3.2. Artificial antigen synthesis
In preparing class-specificity antibodies against veterinary drugs such as FQs, the key step is to design and synthesize the optimum artificial antigen. Our objective was to produce pAb that could recognize most of FQs’ analogues, and to develop an icELISA standard curve that could determine the total array of FQs found in food-original samples. It has been proven that one or more FQs can be used as a hapten to synthesize the artificial antigen and produce class-specific antibodies, and we selected NOR as a desirable hapten based on the following factors. The FQ structures all possess a nitrogen-containing six-membered heterocyclic aromatic ring, a fluorine atom at Position 6 of ring A, a carboxylic acid group at Position 3, and a ketone group at Position 4 of ring B. Many of FQs have a piperazinyl ring at Position 7 of ring B. All of these common structural features would be helpful in obtaining class-specific pAb. In the NOR molecule, there is no substituent groups present on the piperazinyl ring (Fig. 1), and the molecule structure closely mimics the common moiety in the FQs. Therefore, NOR was selected to synthesize the artificial antigen and was evaluated for its ability to bind to other FQs.
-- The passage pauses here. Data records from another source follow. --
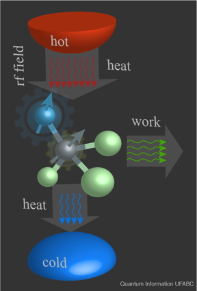 “Fast operation of this molecular machine produces transitions between the spin energy states, which are related to what scientists in the area call ‘quantum friction’ that reduces performance. This kind of friction is also associated with an increase in entropy. On the other hand, a very slow operation (that decreases quantum friction) will not deliver a considerable amount of extracted power”, as pointed out by John Peterson from the University of Waterloo. So, the best scenario is to conciliate some amount of power with low levels of quantum friction or entropy production, in a similar way of what modern engineering does in cars engines. In the new reported experiment, the tiny spin engine reaches an efficiency close to its thermodynamic limit at maximum power, which is much better than what car engines can do nowadays. “The quantum spin engine would not be very useful in practice since the work produced would supply a very small amount of energy to radio waves. It would only be sufficient to alter another nuclear spin. The research team is more interested in measuring how much energy it uses, how much heat it dissipates, and how much entropy is produced during operation. Another goal is to learn, in real experiments, how to optimize the operation of small quantum thermal machines and eventually build better quantum refrigerators to applications in quantum technology” explain Roberto Serra from the Federal University of ABC. The technique applied in this experiment has great potential for further developments in the emerging quantum thermodynamics.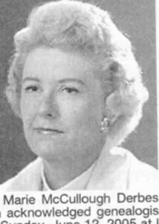 DERBES Kathleen Marie McCullough Derbes, age 80 years, an acknowledged genealogist passed away on Sunday, June 12, 2005 at Lakeview Regional Medical Center, Covington, LA. Mrs. Derbes had published a paternal family genealogy book entitled ""David Shields McCullough and Anne Jane Smith'' and she made major contributions to the ""Derbes Family'' book published by Vincent J. Derbes and Bertrand Paquet in addition to numerous other projects. She had attended Newcomb College. She served for many years as the Registrar of the Daughters of the American Revolution in Covington. She was also a member of Colonial Dames XVII, United Daughters of the Confederacy and the Magna Charta Dames. She was a parishioner of Our Lady of the Lake Catholic Church in Mandeville. She was born in Decatur, Georgia, and had resided in the New Orleans area since 1942 and been a resident of Covington since 1960. She was the daughter of the late David F. McCullough and Kathleen Platt and the beloved wife of the late Maxime J. Derbes, Jr. for 61 years. Mrs. Derbes was the mother of Maxime J. Derbes III and David Stephen Derbes and the grandmother of Michelle Marie, Alexander Benjamin, Zachary John, David Stephen, Jr. and Christine Claire Derbes and Lori D. Rowe and three great-grandchildren, Emily Rowe, Mia Derbes and Isabel Derbes. She was the step-grandmother of Ashlee and Stuart Galvis, and Ryan, Mimi and Reed Duncan. Relatives and friends of the family are invited to attend the Funeral Mass on Thursday, June 16, 2005 from the Chapel of E. J. Fielding Funeral Home, Inc., 2260 W. 21st Ave., Covington, LA at 3:00 PM. Friends may visit from 1:00 PM until service time. Interment will be private. Memorials in her honor to the Fairhaven Children's Home, 21066 Fairhaven Road, Covington, LA 70435 will be appreciated.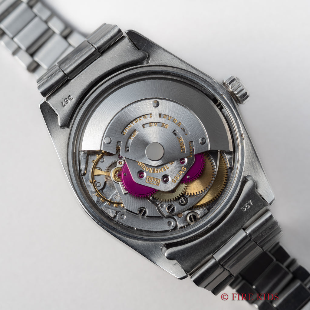 • ヴィンテージ時計の特性上、風防・パッキン・リューズ・バネ棒などの消耗部品は後年メンテナンス過程で交換されている場合がございます。オリジナル性を重視しておりますが、必要に応じて適切な部品にて調整されていますので、よりコレクション性重視のお求めのお客様は事前にご確認ください。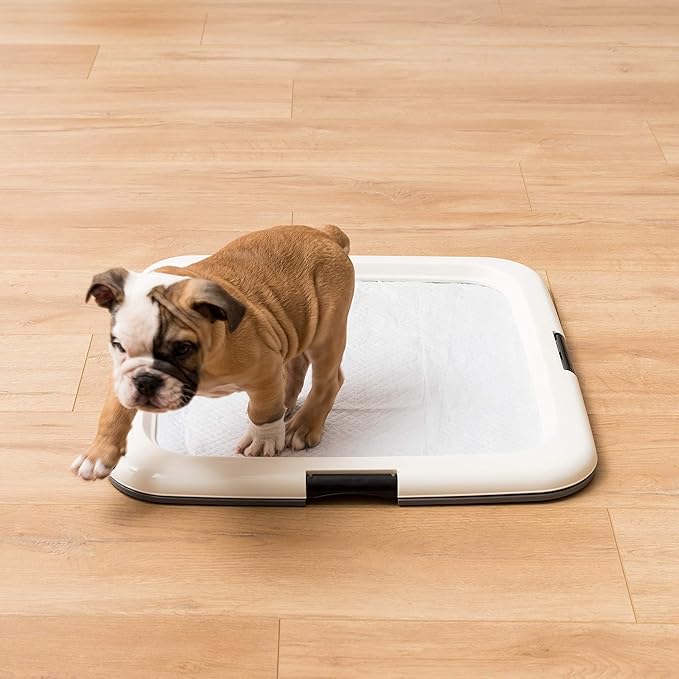 - The training pad holder has 4 non-skid rubber feet to protect floors from scratches and hold the tray firmly in place. High polish finish makes cleaning easy. (IRIS USA Pee Pads Square Pet Training Pad Holder)

3.3. Application of heterologous immunoassay
It has been proven that heterologous format is a useful strategy for the improvement of assay sensitivity in immunoassays (Jiang et al., 2011b), which has also been demonstrated in our following experimental data. Heterologous systems in competitive ELISA are termed to indicate the differences in hapten structure, linker attachment site, bridge length, or onjugation method, which can effectively avoid the bridge interference, improve detection sensitivity and antibody specificity. In general, there are three situations to be considered: heterologous carrier protein, different conjugation method, and coupling locus heterogeneity. In the present study, we performed different conjugation procedures with the improved two-step EDC method to synthesize the NOR-cBSA immunogen and used mixed anhydride technology to prepare the NOR-cOVA coating antigen, achieving heterogeneous detection. In this way, a slight heterology (bridge character) was introduced inside the spacer arm and between the carboxyl group in Position 3 of NOR molecule and the carrier protein (Figs. 1 and 2). Overall, the described synthetic procedure constitutes a new strategy for the direct and simple synthesis of artificial antigen for FQs.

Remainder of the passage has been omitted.